> **Exercise objective**: In the records below, find the line with "Eastbound grain empty" and repeat exactly every line from it through the line with "The Beachborne beach". Pictures stay out.

> **Excerpted records**:
"""
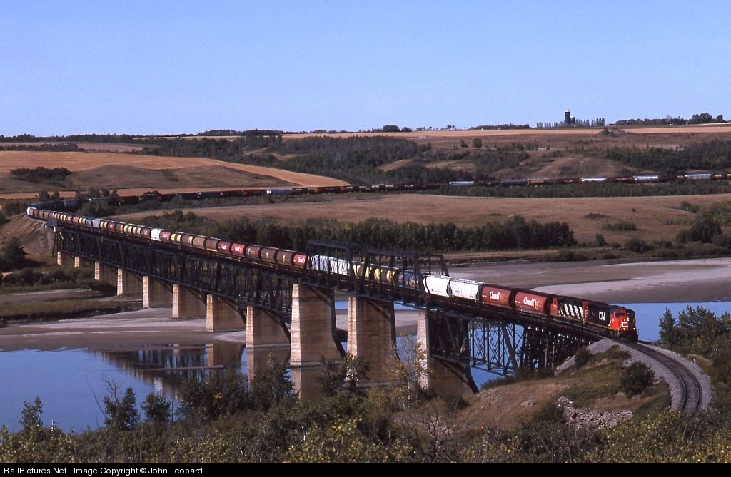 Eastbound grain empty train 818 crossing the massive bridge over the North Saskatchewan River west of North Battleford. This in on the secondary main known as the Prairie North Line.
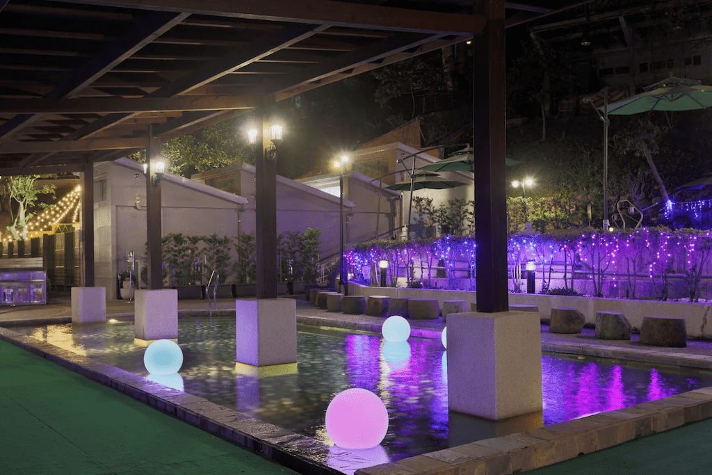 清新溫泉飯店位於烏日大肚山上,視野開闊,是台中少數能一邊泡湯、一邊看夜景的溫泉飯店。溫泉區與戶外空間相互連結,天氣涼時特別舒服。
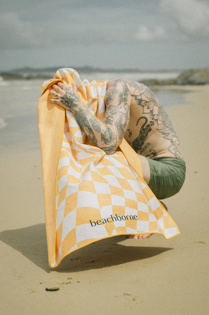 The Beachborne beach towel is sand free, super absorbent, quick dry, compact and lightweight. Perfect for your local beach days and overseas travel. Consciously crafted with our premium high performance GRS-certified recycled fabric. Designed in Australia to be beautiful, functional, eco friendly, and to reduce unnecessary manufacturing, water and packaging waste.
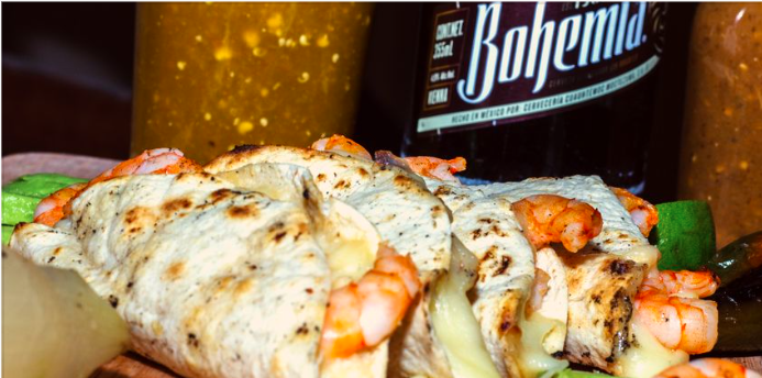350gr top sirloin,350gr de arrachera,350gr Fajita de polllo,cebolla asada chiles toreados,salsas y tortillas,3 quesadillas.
"""
"""
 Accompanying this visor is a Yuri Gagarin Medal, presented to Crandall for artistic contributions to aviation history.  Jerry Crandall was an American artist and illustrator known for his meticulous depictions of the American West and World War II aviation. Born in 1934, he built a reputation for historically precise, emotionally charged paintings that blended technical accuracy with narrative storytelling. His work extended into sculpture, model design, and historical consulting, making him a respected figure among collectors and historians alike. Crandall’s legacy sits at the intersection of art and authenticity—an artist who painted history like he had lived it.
"""
"""
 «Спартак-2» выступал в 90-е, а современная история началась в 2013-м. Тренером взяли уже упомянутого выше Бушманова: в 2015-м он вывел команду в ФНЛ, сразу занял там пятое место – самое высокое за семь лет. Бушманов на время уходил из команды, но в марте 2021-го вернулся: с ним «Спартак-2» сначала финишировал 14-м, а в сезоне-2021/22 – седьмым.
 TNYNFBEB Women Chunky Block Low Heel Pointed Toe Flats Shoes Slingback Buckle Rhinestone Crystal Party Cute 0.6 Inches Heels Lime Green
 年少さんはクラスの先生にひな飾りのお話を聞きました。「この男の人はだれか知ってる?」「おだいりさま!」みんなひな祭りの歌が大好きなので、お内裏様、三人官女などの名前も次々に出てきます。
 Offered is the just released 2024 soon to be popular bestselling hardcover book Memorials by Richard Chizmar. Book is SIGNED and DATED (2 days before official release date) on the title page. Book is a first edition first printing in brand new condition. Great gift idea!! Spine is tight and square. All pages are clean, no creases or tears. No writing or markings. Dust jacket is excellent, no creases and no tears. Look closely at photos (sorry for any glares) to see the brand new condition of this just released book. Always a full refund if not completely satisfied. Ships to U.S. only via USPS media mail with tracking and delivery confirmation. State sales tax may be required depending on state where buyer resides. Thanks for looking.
"""
> **Response**:
 Eastbound grain empty train 818 crossing the massive bridge over the North Saskatchewan River west of North Battleford. This in on the secondary main known as the Prairie North Line.
 清新溫泉飯店位於烏日大肚山上,視野開闊,是台中少數能一邊泡湯、一邊看夜景的溫泉飯店。溫泉區與戶外空間相互連結,天氣涼時特別舒服。
 The Beachborne beach towel is sand free, super absorbent, quick dry, compact and lightweight. Perfect for your local beach days and overseas travel. Consciously crafted with our premium high performance GRS-certified recycled fabric. Designed in Australia to be beautiful, functional, eco friendly, and to reduce unnecessary manufacturing, water and packaging waste.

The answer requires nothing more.